→ Dataset records
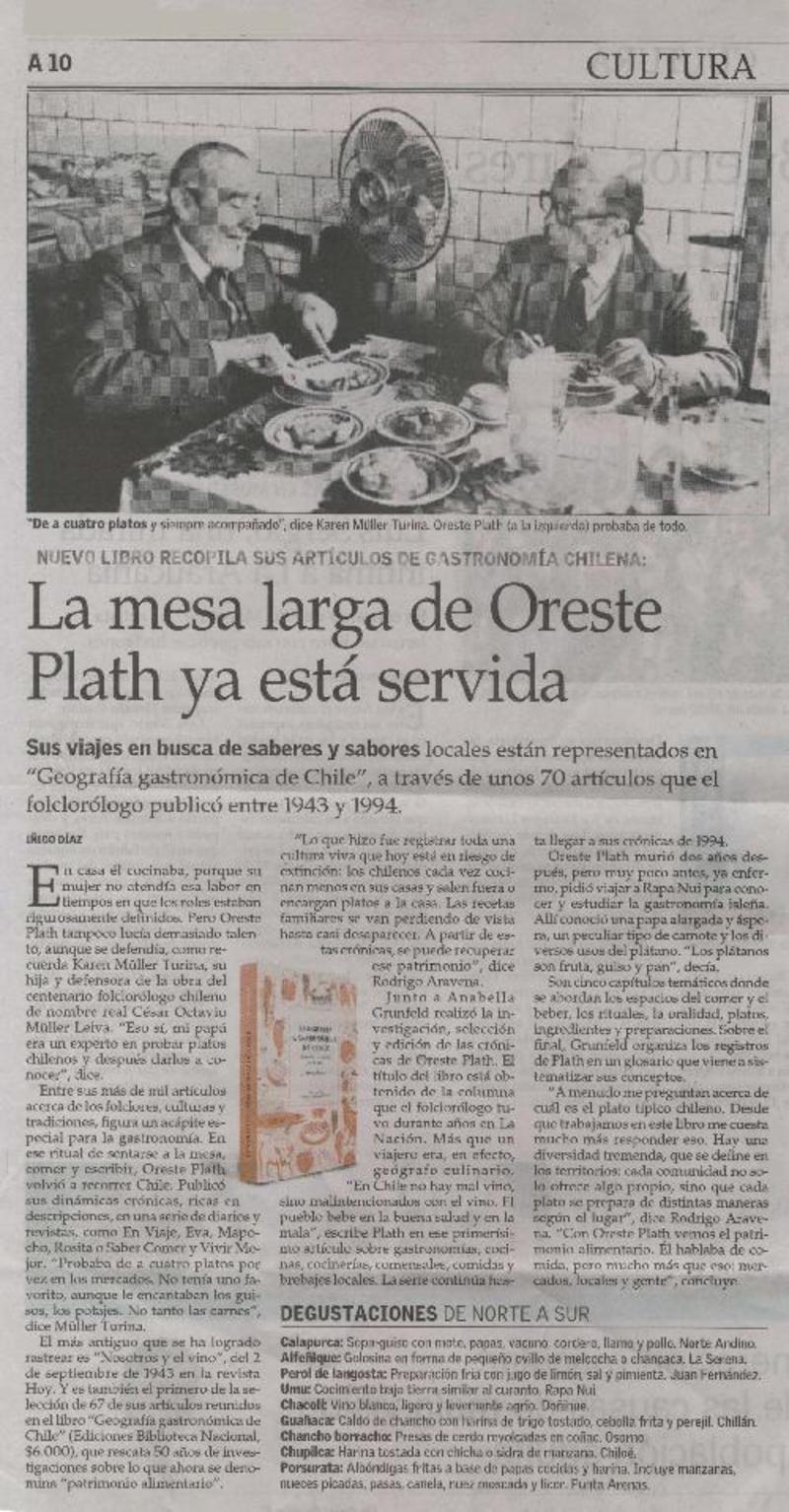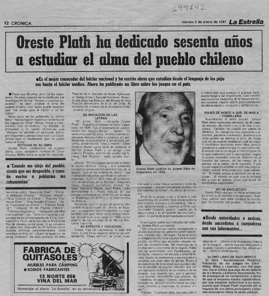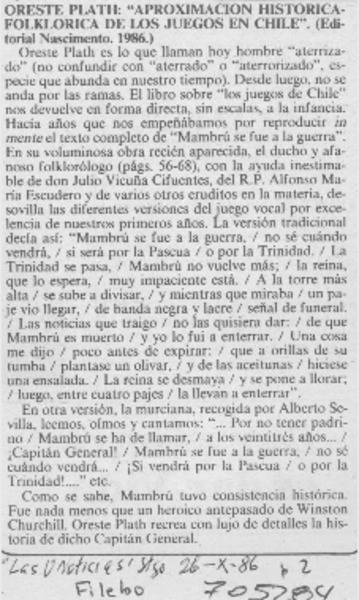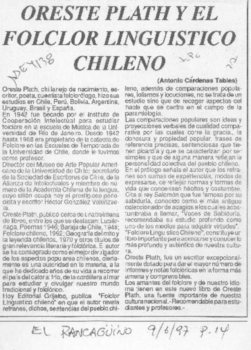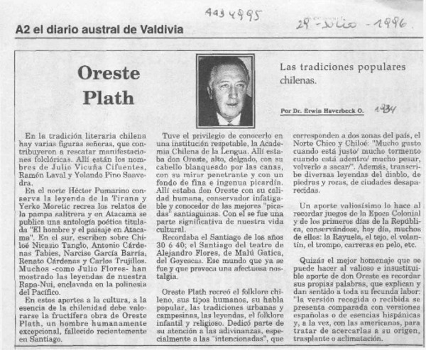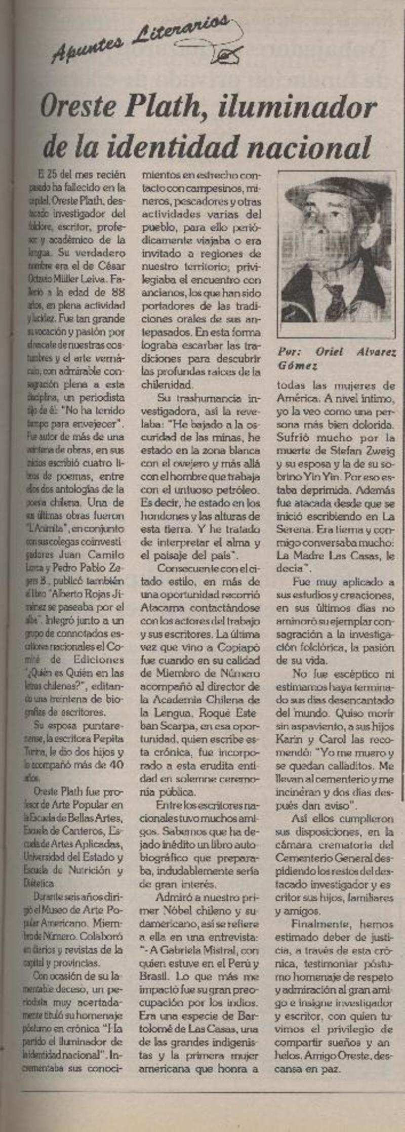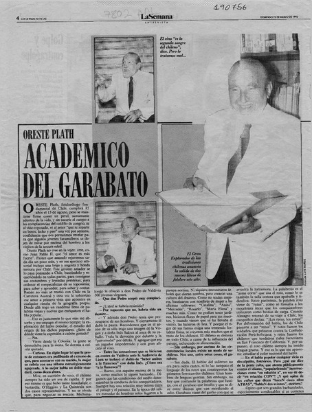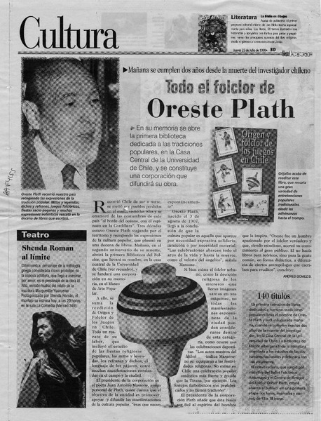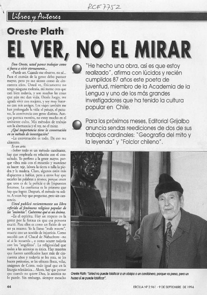 El folclorólogo Oreste Plath [artículo] Marino Muñoz Lagos.
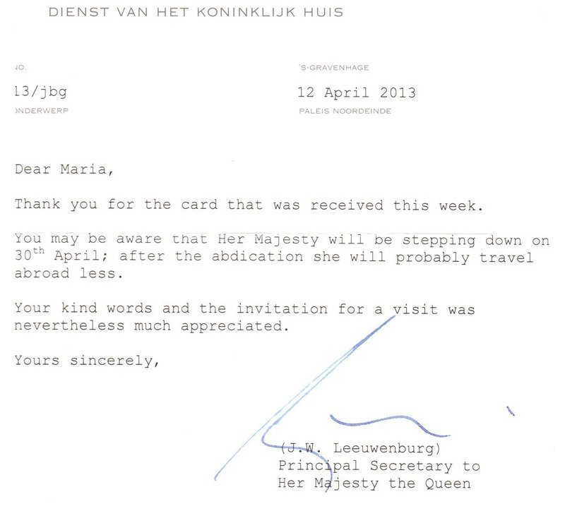 «Ваші добрі слова й запрошення здійснити візит … високо оцінені», – йдеться в листі-відповіді королеви Нідерландів.
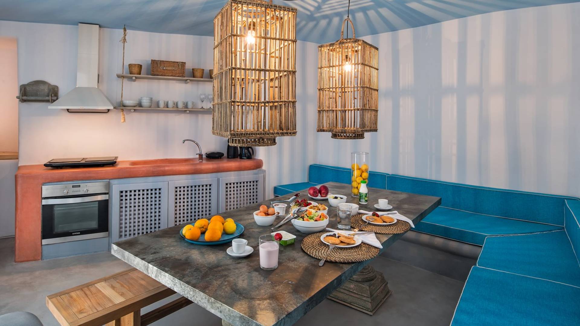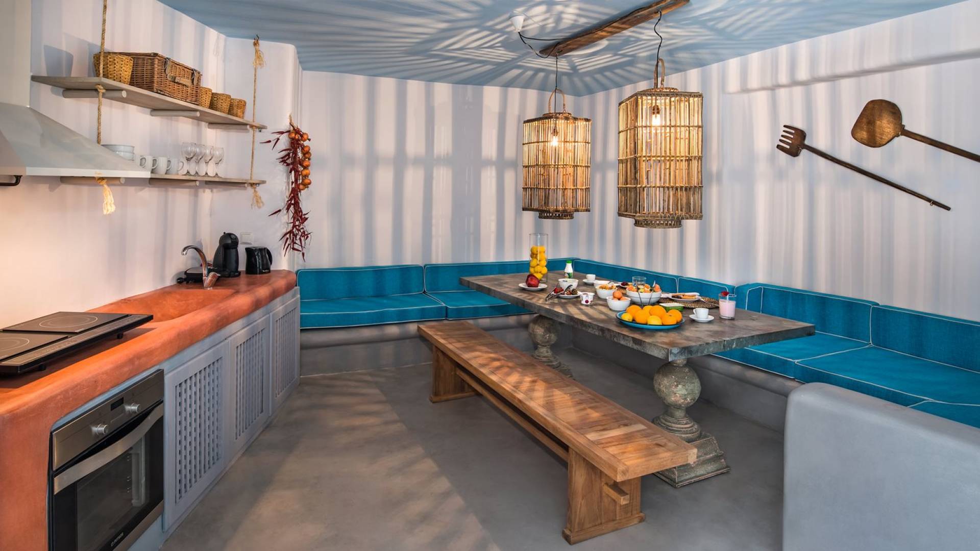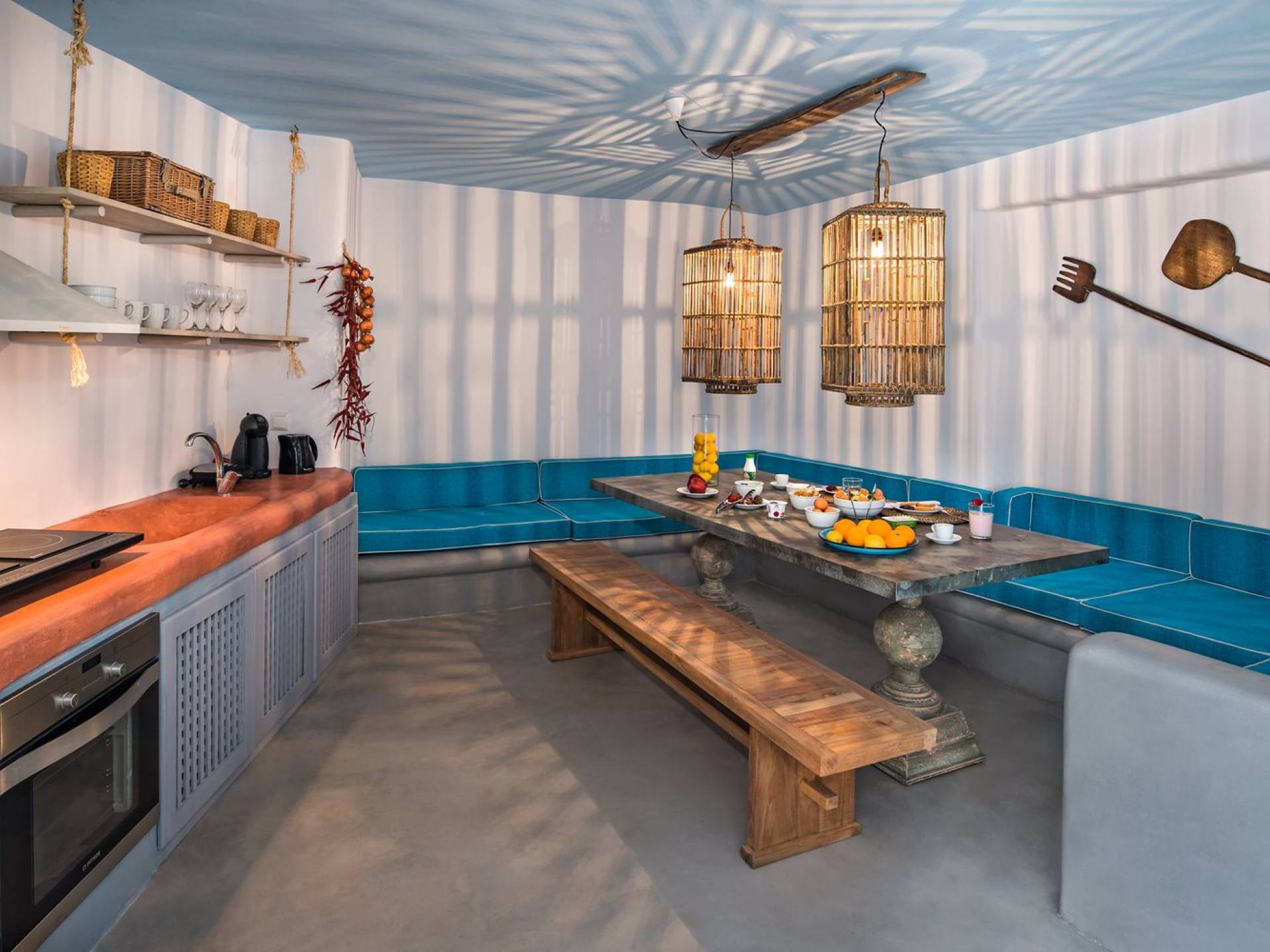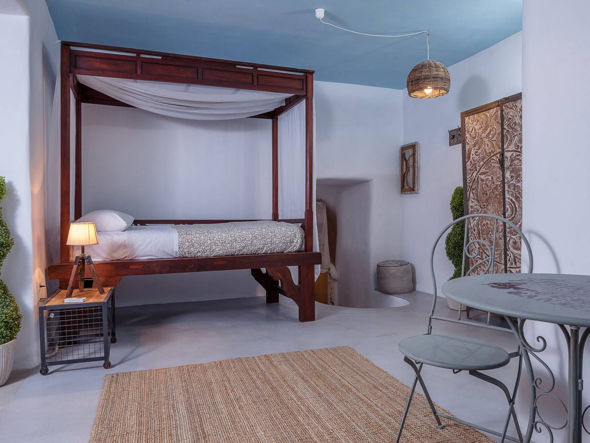 Уникальные купольные виллы, вырытые в скалах древней деревни Эмпорио, построены в гармонии с уникальной морфологией острова, созданной вулканом, и на них сильно повлияла традиционная архитектура Эгейского моря. Наряду с мечтательным, подобранным вручную декором, результатом является среда необычайной свободы самовыражения, которая заставляет вас чувствовать себя внимательным, радостным и уравновешенным.
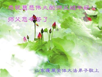 恭祝伟大的师尊新年愉快! 石家庄裕华区学法小组敬上 山东烟台市蓬莱全体大法弟子恭祝慈悲伟大的师尊过年好!
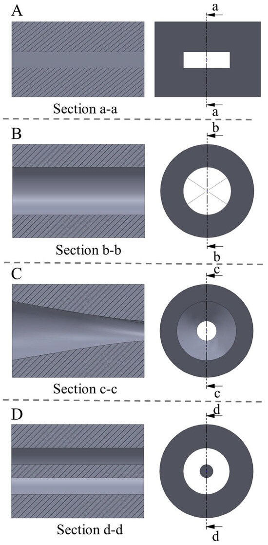 To ensure the geometric compatibility of the die with the twin-screw extruder system, the connection dimensions should be based on the barrel inner diameter design to ensure a proper fit. The outer diameter of the die body must be determined in conjunction with the die cross-sectional shape, such as rectangular, circular, or custom shapes. It needs to balance structural strength and heat dissipation performance. This avoids thermal deformation caused by a too-small diameter or material waste due to an excessively large diameter. The length of the die body should consider both cooling rate and pressure drop control. A length that is too short is detrimental to fiber structure formation. Conversely, a length that is too long increases flow resistance [42]. Four die mouth shapes were designed, as shown in Figure 8.
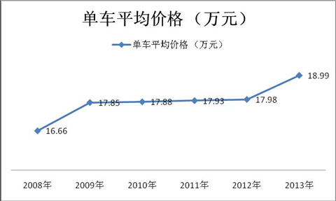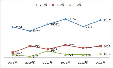 由上图看出:近5年7~8米公交车单台平均销售价格逐年在上升,从2008年7月1日很多市场开始购买国Ⅲ排放的产品了,而7~8米的国Ⅲ发动机比国Ⅱ发动机价格一般要高2万~3万元左右,因此2009年比2008年单台平均价格高出1.19万元是完全符合市场情况的,以后每年的价格上涨幅度就小多了,同样,2013年比2012年单价上升了近1万元,也是因为2013年7月1日起开始执行国IV排放导致价格上升。从上面的图表也可以看出:城乡公交车的档次随着时间的推移也在逐步提高,同时也反映了目标消费者随着生活水平的提高对城乡公交车的档次和舒适性等要求也越来越高了。
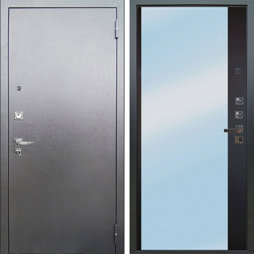 Входная дверь Шторм Графит с внутренней отделкой Зеркало СБ-16 сандал белый • Габаритные размеры: 2050x860 мм, 2050x960 мм • Металл 1.5мм. • Внешнее покрытие: МДФ 12 мм. • Цвет покрытия: Графит. • Толщина полотна: 100 мм. • Толщина коробки: 105 мм. • Окрас короба:Черная шагрень. • Короб закрытого типа, утепленный. • Уплотнитель: 3 контура. • Два вертикальных ребра жесткости. • Замок основной: Guardian 3211 (цилиндровый). • Замок дополнительный: Guardian 300 • Врезная броненакладка. • Независимая задвижка есть. • Фурнитура Черная.
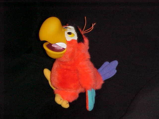 Hello everyone, Now at bottom of each of our item page is our word rating plush chart. Please check it out and read full item description before using the buy it now price. Ok here's a extremely rare large Disney Lago Parrot Puppet Plush Toy From Disney Classic "Aladdin", which is in excellent use condition. Lago is clean reddish body plush, tip purple back tail, rubber beak with with teeth mouth and pink tongue, shiny yellow with black eyes, orange hair strings on top of head, yellowish gold feet, black plush eye-brows, aqua blue tip wings and measures up around 12 inches long. Body tush seam tag only reads, The Walt Disney Company. Please see picture's. Winner bidder pays by Zone and Zip Code for priority mail shipping (up to 2 lbs) with handling and delivery confirmation of (2.55), US only. Sorry we do Not Ship to Canada or Internationally. Please only bid if you have a united states street address to ship to. Sorry but Immediate Paypal payment is required when using Buy It Now , E-Checks from Paypal are held 3-5 business days until it clears before item is ship. Since we are limited on our picture space, pic will be deleted after the end of auction, so if you would like to see pic after the auction, please print out picture before the auction ends. We due not do accept returns, so Please read full item description, all sales are final and are sold as worded in item description. All items are offer as is condition. We ship as soon as payment arrives. Please take a moment and check out our other great Disney plush and character toys which are listed sale this week. New Rating Plush Chart. NEW: Comes from a factory or department store and has not played with. MINT Or LIKE-NEW: Looks new but might still been played with but shows no wear on the Plush itself but still might have a flaw (like a odor, etc., and might not been wash even though we strive very hard to make all our plush smell free but can not guaranteed them, this reply's to all word plush rating charts) EX. COND: Some minor play wear and might have some minor flaws which would be in the item description. VERY GOOD: Has been played with and has flaws. GOOD: Has been played with a lot. POOR: We try not to sell any real poor condition toys. Thank-You and Have A Fantastic Week

→ Exercise requirements
Your answer must be the entries written out word for word, without their pictures.

→ Output below
 El folclorólogo Oreste Plath [artículo] Marino Muñoz Lagos.
 «Ваші добрі слова й запрошення здійснити візит … високо оцінені», – йдеться в листі-відповіді королеви Нідерландів.
 Уникальные купольные виллы, вырытые в скалах древней деревни Эмпорио, построены в гармонии с уникальной морфологией острова, созданной вулканом, и на них сильно повлияла традиционная архитектура Эгейского моря. Наряду с мечтательным, подобранным вручную декором, результатом является среда необычайной свободы самовыражения, которая заставляет вас чувствовать себя внимательным, радостным и уравновешенным.
 恭祝伟大的师尊新年愉快! 石家庄裕华区学法小组敬上 山东烟台市蓬莱全体大法弟子恭祝慈悲伟大的师尊过年好!
 To ensure the geometric compatibility of the die with the twin-screw extruder system, the connection dimensions should be based on the barrel inner diameter design to ensure a proper fit. The outer diameter of the die body must be determined in conjunction with the die cross-sectional shape, such as rectangular, circular, or custom shapes. It needs to balance structural strength and heat dissipation performance. This avoids thermal deformation caused by a too-small diameter or material waste due to an excessively large diameter. The length of the die body should consider both cooling rate and pressure drop control. A length that is too short is detrimental to fiber structure formation. Conversely, a length that is too long increases flow resistance [42]. Four die mouth shapes were designed, as shown in Figure 8.
 由上图看出:近5年7~8米公交车单台平均销售价格逐年在上升,从2008年7月1日很多市场开始购买国Ⅲ排放的产品了,而7~8米的国Ⅲ发动机比国Ⅱ发动机价格一般要高2万~3万元左右,因此2009年比2008年单台平均价格高出1.19万元是完全符合市场情况的,以后每年的价格上涨幅度就小多了,同样,2013年比2012年单价上升了近1万元,也是因为2013年7月1日起开始执行国IV排放导致价格上升。从上面的图表也可以看出:城乡公交车的档次随着时间的推移也在逐步提高,同时也反映了目标消费者随着生活水平的提高对城乡公交车的档次和舒适性等要求也越来越高了。
 Входная дверь Шторм Графит с внутренней отделкой Зеркало СБ-16 сандал белый • Габаритные размеры: 2050x860 мм, 2050x960 мм • Металл 1.5мм. • Внешнее покрытие: МДФ 12 мм. • Цвет покрытия: Графит. • Толщина полотна: 100 мм. • Толщина коробки: 105 мм. • Окрас короба:Черная шагрень. • Короб закрытого типа, утепленный. • Уплотнитель: 3 контура. • Два вертикальных ребра жесткости. • Замок основной: Guardian 3211 (цилиндровый). • Замок дополнительный: Guardian 300 • Врезная броненакладка. • Независимая задвижка есть. • Фурнитура Черная.
 Hello everyone, Now at bottom of each of our item page is our word rating plush chart. Please check it out and read full item description before using the buy it now price. Ok here's a extremely rare large Disney Lago Parrot Puppet Plush Toy From Disney Classic "Aladdin", which is in excellent use condition. Lago is clean reddish body plush, tip purple back tail, rubber beak with with teeth mouth and pink tongue, shiny yellow with black eyes, orange hair strings on top of head, yellowish gold feet, black plush eye-brows, aqua blue tip wings and measures up around 12 inches long. Body tush seam tag only reads, The Walt Disney Company. Please see picture's. Winner bidder pays by Zone and Zip Code for priority mail shipping (up to 2 lbs) with handling and delivery confirmation of (2.55), US only. Sorry we do Not Ship to Canada or Internationally. Please only bid if you have a united states street address to ship to. Sorry but Immediate Paypal payment is required when using Buy It Now , E-Checks from Paypal are held 3-5 business days until it clears before item is ship. Since we are limited on our picture space, pic will be deleted after the end of auction, so if you would like to see pic after the auction, please print out picture before the auction ends. We due not do accept returns, so Please read full item description, all sales are final and are sold as worded in item description. All items are offer as is condition. We ship as soon as payment arrives. Please take a moment and check out our other great Disney plush and character toys which are listed sale this week. New Rating Plush Chart. NEW: Comes from a factory or department store and has not played with. MINT Or LIKE-NEW: Looks new but might still been played with but shows no wear on the Plush itself but still might have a flaw (like a odor, etc., and might not been wash even though we strive very hard to make all our plush smell free but can not guaranteed them, this reply's to all word plush rating charts) EX. COND: Some minor play wear and might have some minor flaws which would be in the item description. VERY GOOD: Has been played with and has flaws. GOOD: Has been played with a lot. POOR: We try not to sell any real poor condition toys. Thank-You and Have A Fantastic Week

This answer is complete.